Content starts
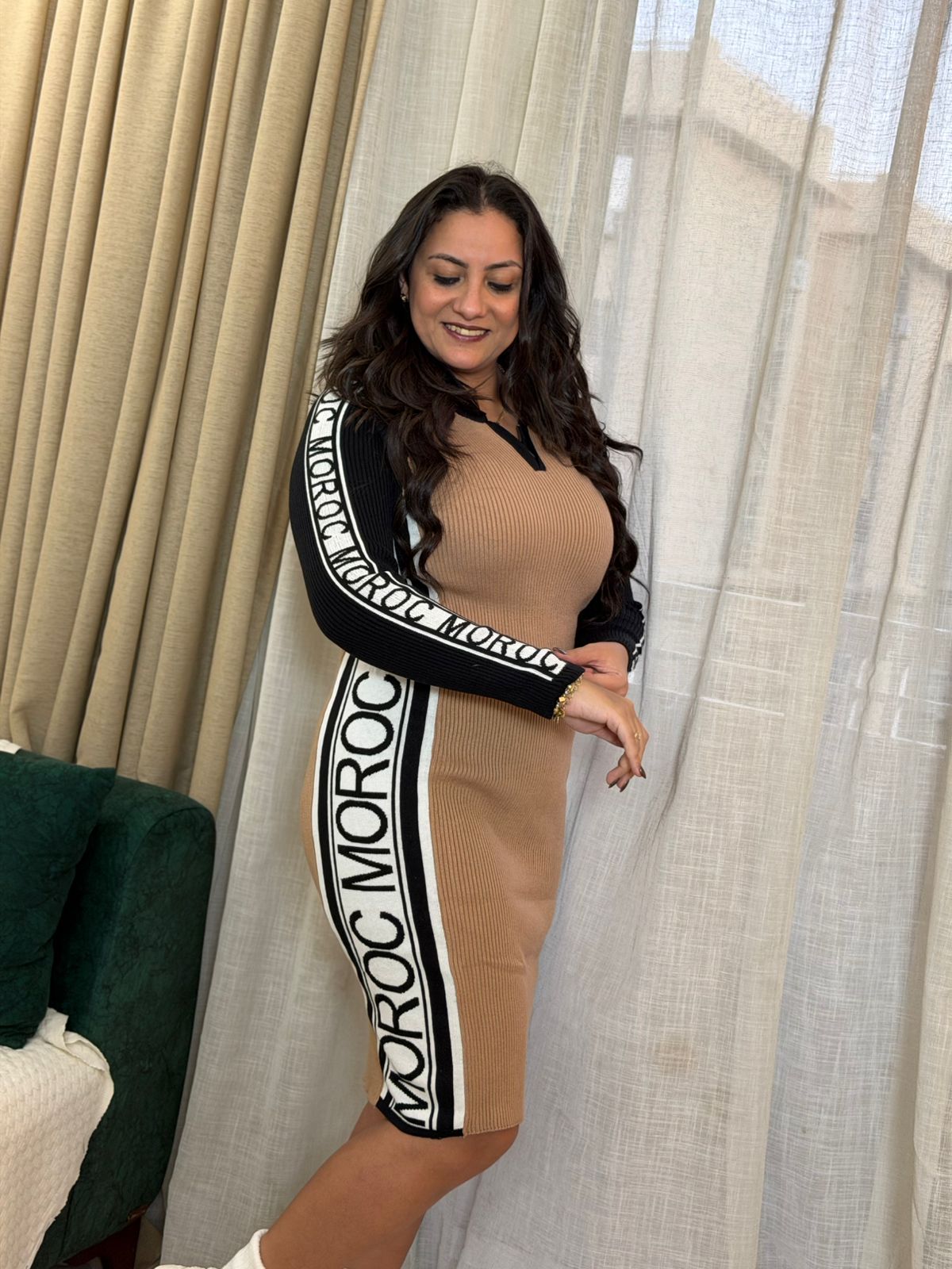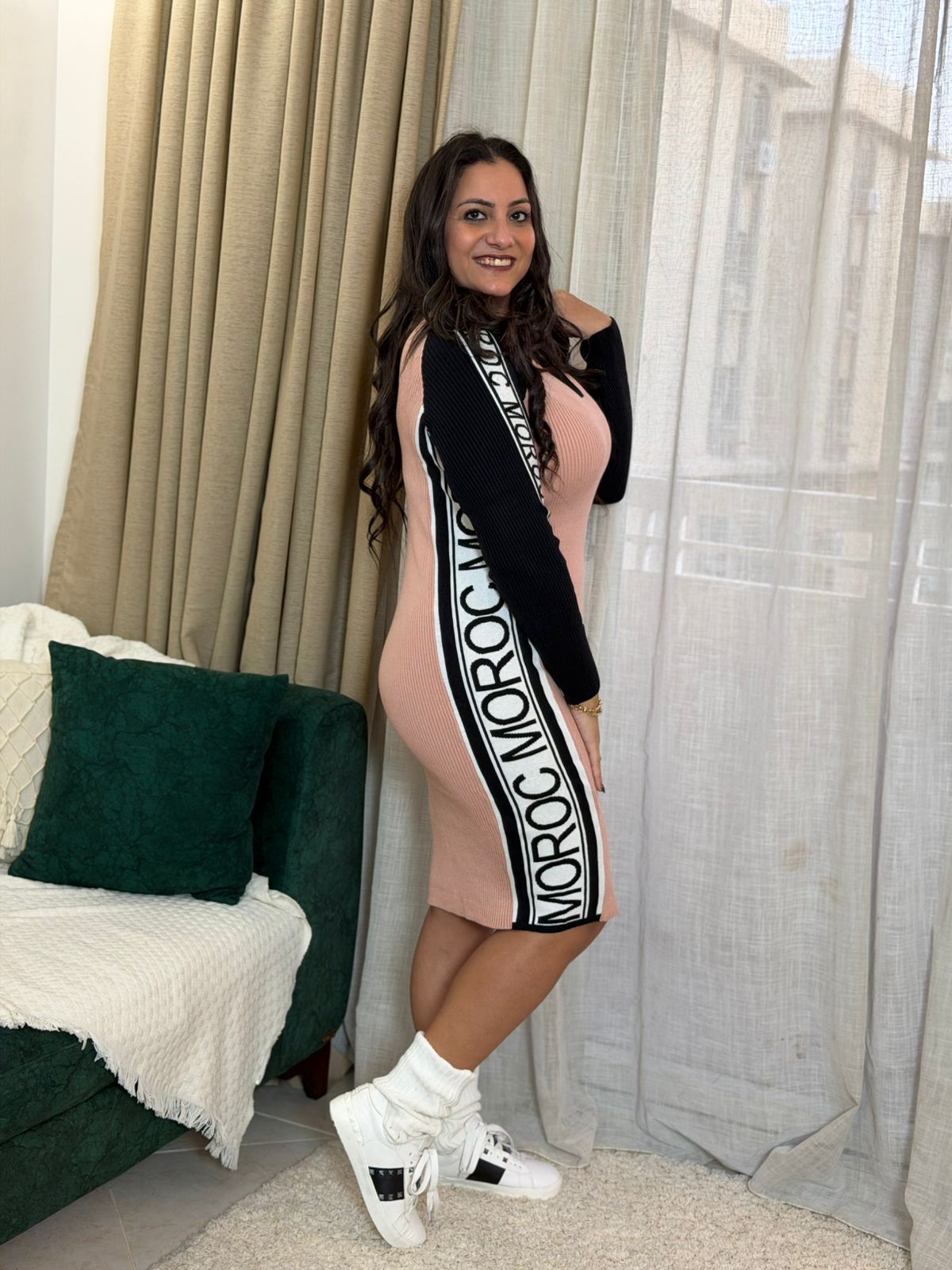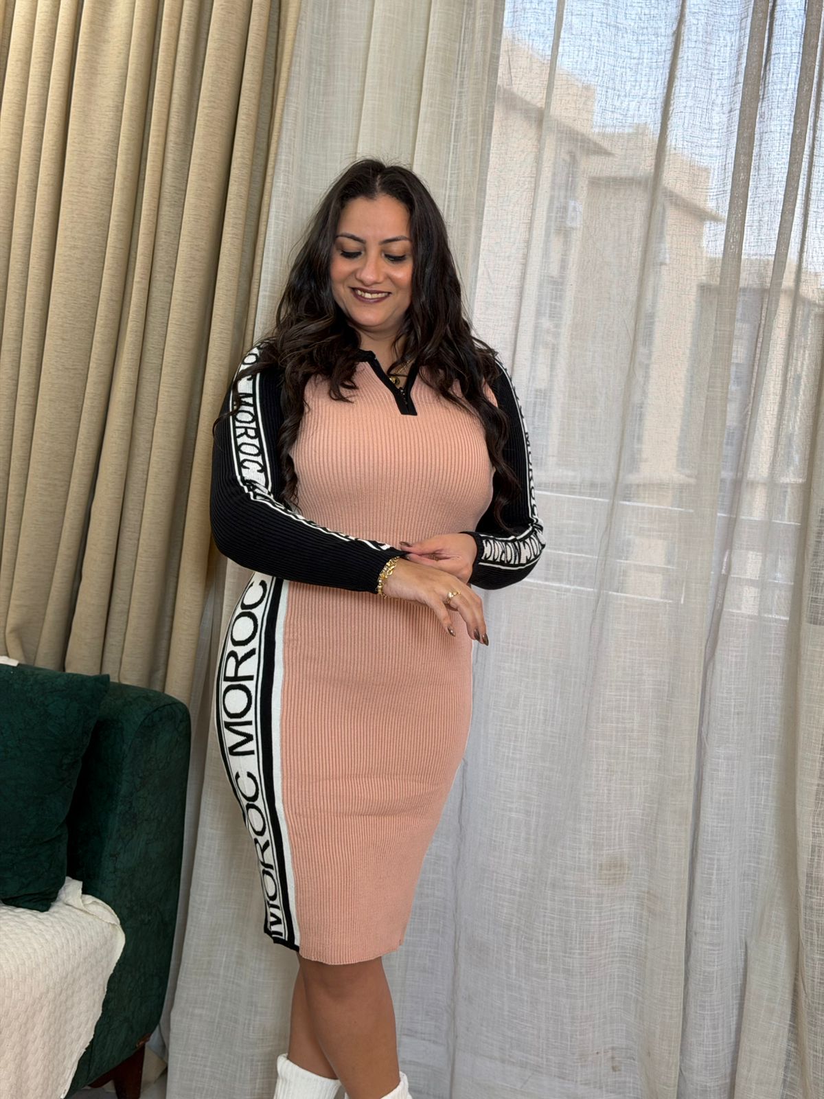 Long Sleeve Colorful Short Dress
Content ends
Content starts
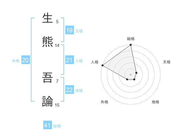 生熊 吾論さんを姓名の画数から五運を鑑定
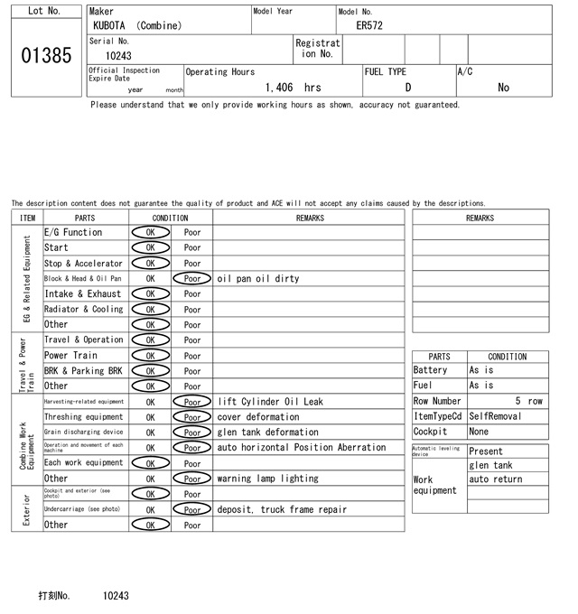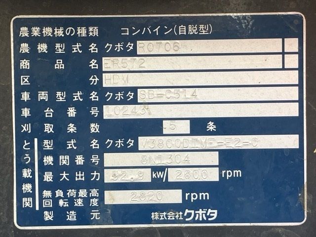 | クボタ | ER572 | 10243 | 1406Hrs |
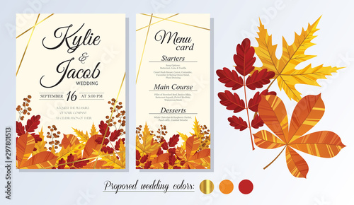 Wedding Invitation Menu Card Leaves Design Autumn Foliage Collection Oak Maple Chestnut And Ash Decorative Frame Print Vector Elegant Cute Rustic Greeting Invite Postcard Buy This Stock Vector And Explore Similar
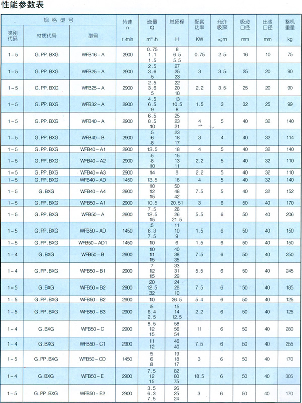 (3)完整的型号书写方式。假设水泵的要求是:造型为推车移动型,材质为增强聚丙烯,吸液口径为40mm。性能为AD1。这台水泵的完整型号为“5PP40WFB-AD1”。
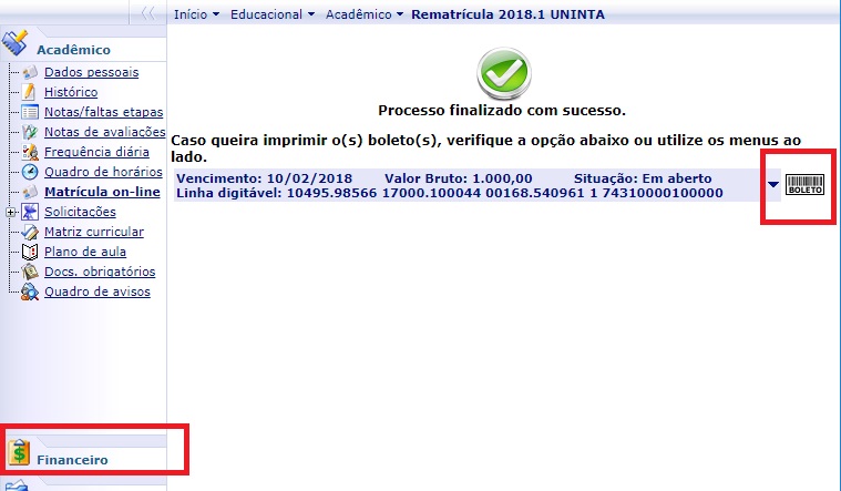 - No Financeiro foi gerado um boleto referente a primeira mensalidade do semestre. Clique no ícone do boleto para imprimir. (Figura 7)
Content ends
The problem = Look above for the line with "Wedding Invitation Menu" and the line with "- No Financeiro", then copy exactly the lines from the first through the second, both kept, with no pictures.

Solution to this task =
 Wedding Invitation Menu Card Leaves Design Autumn Foliage Collection Oak Maple Chestnut And Ash Decorative Frame Print Vector Elegant Cute Rustic Greeting Invite Postcard Buy This Stock Vector And Explore Similar
 (3)完整的型号书写方式。假设水泵的要求是:造型为推车移动型,材质为增强聚丙烯,吸液口径为40mm。性能为AD1。这台水泵的完整型号为“5PP40WFB-AD1”。
 - No Financeiro foi gerado um boleto referente a primeira mensalidade do semestre. Clique no ícone do boleto para imprimir. (Figura 7)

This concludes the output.